I’ve actually quite enjoyed The Castles of Burgundy at the various player counts, though I still haven’t tried the solo mode or the team game. The team game, in particular, looks vexing, but that’s a conversation for another day, I think. I wouldn’t necessarily call Castles a super interactive game, just by its nature; you can’t mess with another player’s board, and the most you can do is take tiles that they were otherwise planning on grabbing, as befits a market-based tile placement game like this. For me, that’s perfect. It means there’s some strategy and tension around what I take and when I take it, but I don’t have to worry about things I’ve already placed getting messed up. There’s an inevitability of me getting at least a few things that I want, over time, though if I mess around too much at higher player counts I risk that inevitable outcome taking a lot longer than I would otherwise like. I’d say I tend to play Castles the most at two players, just because it’s a decent bit of setup and I’ve been relying on Board Game Arena, as of late, to do that menial work, but I’ve enjoyed the three and four player versions of it, as well. No strong preference, for this one!
Strategy

- Try not to run out of workers. Not only does it put you in a bind from a dice mitigation standpoint, but it also makes you fairly predictable. If I can see what dice you’ve got, then I can draw some conclusions about what you’re going to be able to do on your turn. You want to be a bit unknowable, strategically speaking, so that you can surprise your opponents. Having some way to mitigate your dice rolls can do that.

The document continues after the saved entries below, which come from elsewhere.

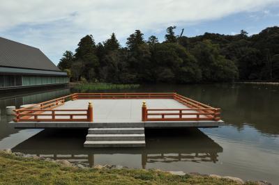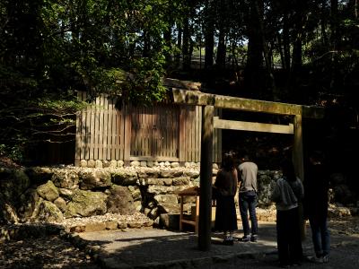 外宮の入り口付近にある。池のそばにたたずんでいたのではわかりにくいが、勾玉(まがたま)の形をしているのでまがたま池と呼ばれるようになった。訪れた時は3月だったので観賞できなかったが、6月には花しょうぶが開花し、秋には池の舞台で観月会があるという。この季節に一度は足を運びたいきれいな池だ。周囲には庭園や遊歩道が整備されており、散策する姿も。残念なのは池のほとりに建っている「せんぐう館」の休館が続いていることだ。
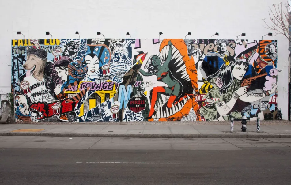 Between the Sheets presents a focused exhibition by FAILE, the Brooklyn-based duo of Patrick McNeil and Patrick Miller, whose work has long challenged the boundaries between the street and the studio, the iconic and the ephemeral. With a practice rooted in printmaking, collage, and visual sampling, FAILE has spent the past 25 years constructing a vocabulary that draws from mass media, sacred imagery, pulp fiction, and the language of the city.
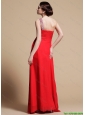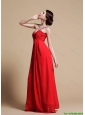 Modest Empire One Shoulder Red Prom Dresses with Beading
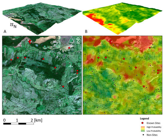 The posterior probability and the frequentist approach are two algorithms developed at Cultural Site Research and Management (CSRM) [21,22] as a Direct Detection Model (DDM), to identify the probability of sites by comparing single pixel values. Both algorithms were modified at the time of the study and ready for use at different times; this is one reason why each was applied on a different trial area. The general idea behind direct detection is that anthropogenic activities at archaeological sites, often over long periods of time, have impacted these parts of the landscape in ways that if they persist are statistically measureable in remote sensing data. The DDM has therefore two sets of input data. The first set has two parts. One is the locations of known archaeological sites. In the trial area of the northwestern Dominican Republic and Haiti, the archaeological “sites” were identified over several years by different archaeologists, mostly with the help of local guides. Each site visited was named, a number of archaeological samples taken, and georeferenced by taking one or more GPS points at the site using a handheld device. In addition the algorithm needs areas, at best also groundtruthed, with presumably no sites, which are equally important for the study. A second data set comprises a variety of remote sensing imagery. The subtle variation between already discovered areas of human activity, the sites, and areas of no human activity (non-sites) within each remote sensing band, can be used to detect difference. The difference is more likely to be detected when many different bands of available satellite or aerial data sets are combined.

- Castles are great, but fleeting; use them wisely and plan for how you’re going to make them work! You can essentially do anything with a Castle, so playing one should usually be part of a multi-step combo, like playing a Town Hall to place another tile from your supply or something. A castle loosely duplicates the functionality of almost any other tile, so plan ahead and think about what you want to do when you play it.
- Ships are a great way to accrue resources, but they also let you sneak up in the turn order; if you use them well, you can effectively take a double turn. Especially in two-player games, using a ship to string together a double turn can really put your opponent on their back foot, which is awesome. Plus, you can also gain a lot of goods from any of the available depots when you place a ship, which can be useful as well. Selling goods is an easy way to get points and a silver, which can lead to better future tiles. It’s an easy part of the gameplay loop to miss, so try to at least save some energy for shipping.

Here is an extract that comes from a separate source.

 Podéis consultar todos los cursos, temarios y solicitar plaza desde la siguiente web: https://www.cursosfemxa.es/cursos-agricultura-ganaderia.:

- Watch out for opponents hoarding animals for big farming plays. Livestock scores again whenever a tile with the same livestock is added to the farm area, so if you can get enough of the same tile type, you can rack up major points. It’s worth aggressively preventing that outcome for opponents, since the livestock still score if you place them on your own, just perhaps not as much. You can lose a game pretty quickly if you’re not paying attention to your opponent’s livestock, and I can say this from rueful experience.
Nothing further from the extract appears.